Although the judgment was not well received in the United Kingdom (see here and here) and Prime Minister Cameron publicly voiced his disappointment over it only days after it was published in a speech before the Council of Europe – in support of his argument that the European Court is in dire need of reform – the judgment is on closer inspection also receptive to on-going efforts of Western countries to extradite or expel terrorists. Indeed, Amnesty’s Julia Hall describes the judgment as ‘an alarming setback for human rights’, in view of the Court’s holding under Article 3 of the Convention that the diplomatic assurances negotiated between the Jordanian and UK governments effectively removed the risk that Othman would be tortured or otherwise ill-treated in Jordan.

Thus, notwithstanding the Court’s strong stance on the admissibility of evidence obtained by torture, the judgment may open a path for Western countries facing the problem of not being able to remove terrorist suspects due to human rights concerns, to try to alleviate these concerns by procuring diplomatic assurances and cooperate in post-expulsion monitoring. That the European Court sees diplomatic assurances as a viable option in this respect is also confirmed in last week’s judgment in M.S. v Belgium (French only) where the Court found that the expulsion from Belgium to Iraq of a Al-Qaeda suspect would violate Article 3 of the European Convention but adding, notably, that the Belgian authorities should have obtained a series of safeguards from the Iraqi authorities with a view to ensuring his safety in Iraq. Although the Court has in the past shown reluctance to accord weight to diplomatic assurances from countries which systematically violate human rights (see for example the judgment in Saadi v Italy, the Court is now signalling that even in respect of such countries, it may be worthwhile to consider the procurement of diplomatic guarantees and the setting up of monitoring mechanisms with and in the receiving country.
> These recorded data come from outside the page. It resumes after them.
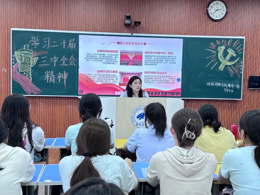为进一步学习宣传党的二十届三中全会精神,引导广大青年学子及时、深入学习党的最新政策理论,万象城娱乐awc线路于9月4日下午在汇文楼开展“学习二十届三中全会精神”主题团日活动。学院团总支负责人殷跃深入2024级网络与新媒体一班进行主题宣讲。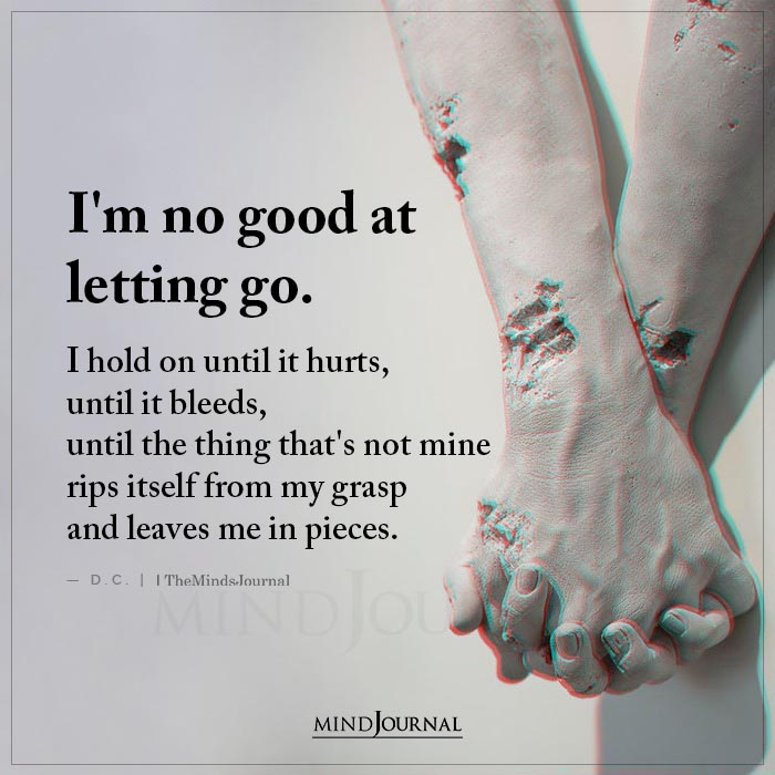 I’m no good at letting go. I hold on until it hurts, until it bleeds, until the thing that’s not mine rips itself from my grasp and leaves me in pieces.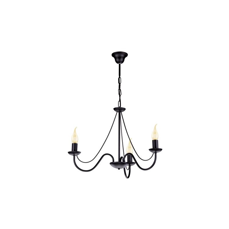 Candeliere per interni industriali Il lampadario regolabile K-3990 sospeso su una catena, con possibilità di modificare l'altezza, è la nostra soluzione di illuminazione per i vostri interni. L'intera struttura è stata conservata in uno stile elegante e sobrio che ricorda il gotico, ma anche industriale. Alle estremità dei bracci della lampada sono posizionate tre sorgenti luminose. Il telaio del prodotto è realizzato in metallo di altissima qualità. Se scegli fonti luminose a forma di coni o fiamme, la lampada assomiglierà sicuramente ad un classico candeliere. Il colore della lampada aggiunge modernità: nero uniforme e opaco. Caratteristica è anche la mancanza di molte decorazioni sulla struttura. Una lampada universale non solo per la casa. La lampada può essere divisa in due interruttori in un sistema 2+1, il che significa che puoi accendere quante lampadine vuoi contemporaneamente. tempo. Il lampadario è dotato di portafilo E14, ovvero il popolare "filo piccolo". Installa la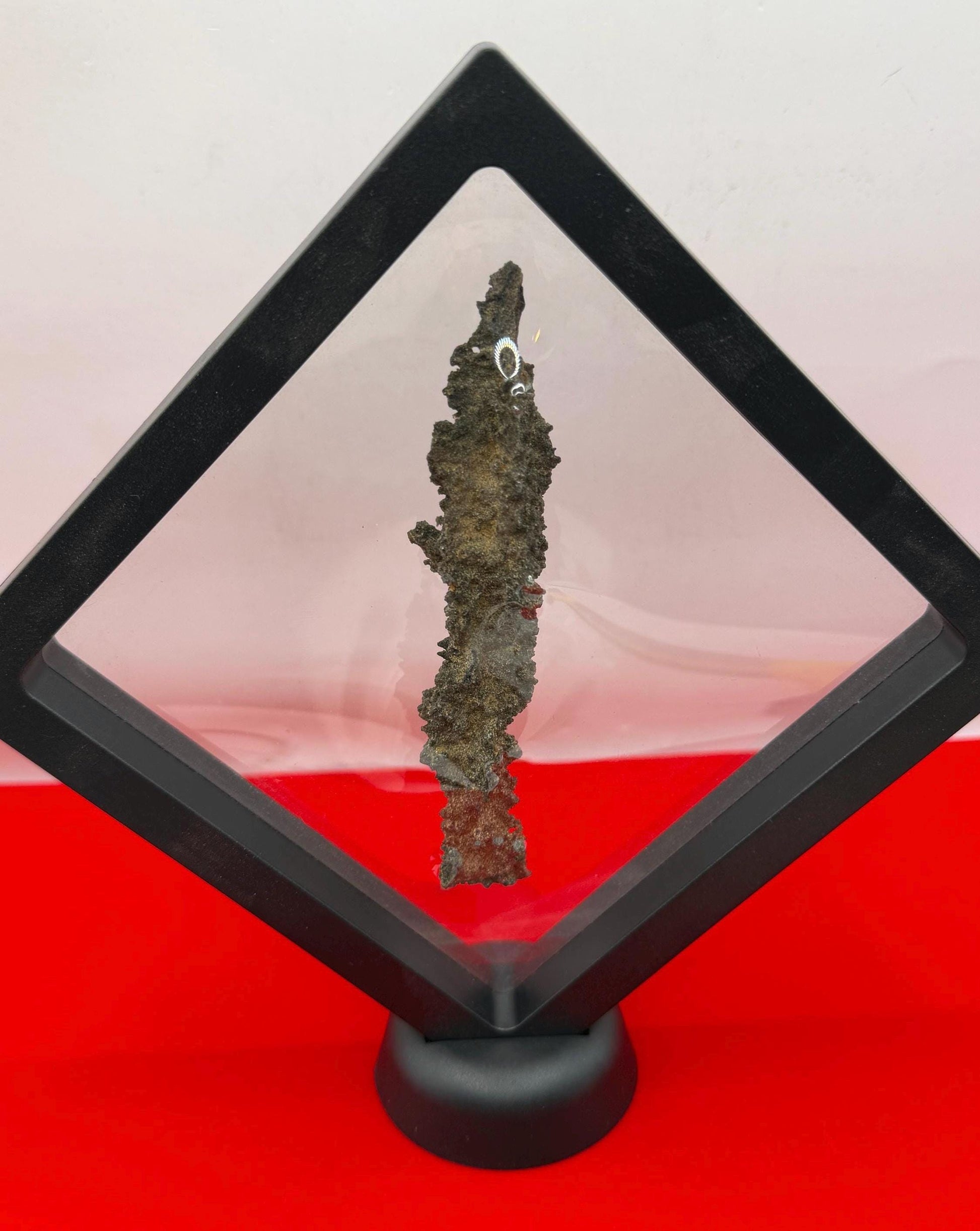 This genuine Fulgerite was formed when lightning struck the sandy dunes of the Sahara Desert, creating a beautiful and unique piece of natural art. This Fulgerite weighs 15.73 grams and is a true testament to the raw power of nature. The length is 4.25” long and 0.75” wide. This fulgerite comes with a display case and a velvet carrying bag.

The M.S. v Belgium case also underscores that it may well be that, in some cases, diplomatic assurances will be the only realistic option for States who want to remove terrorist suspects – since these persons are not particularly welcome in third countries. Like the U.S. government in respect of the Guantanamo Bay detainees, Belgium had sought resettlement possibilities in a whole range of countries (the judgment mentions Venezuela, Burundi, Vietnam, Burkina Faso and Costa Rica) – but all apparently refused. Absent any resettlement possibilities, it will be the ‘joint responsibility’ of the country of origin and the country of residence to find a solution which is satisfying to all parties.

One positive offspring of this development is that Western countries have a clear interest in contributing to improving the quality of justice systems in receiving countries. One example of a country where international efforts in this respect appear to bear fruit is Rwanda. The International Criminal Tribunal for Rwanda in 2011 in the case of Uwinkindi considered the justice system in Rwanda sufficiently improved so that it for the first time allowed for a case to be transferred to the Rwanda prosecutor. This reasoning was some months later confirmed by the European Court in the case of Ahorugeze v Sweden. In both cases, mention was not only made of successful international efforts to improve the quality of the Rwandese judiciary and detention conditions, but the Courts also referred to diplomatic guarantees as a means to ensure international standards are met. In respect of Kenya, international efforts are also underway to ensure the fair prosecution of piracy suspects. However, as we reported, a German court found the current agreements in place between the EU and Kenya to insufficiently remove the risk of ill-treatment.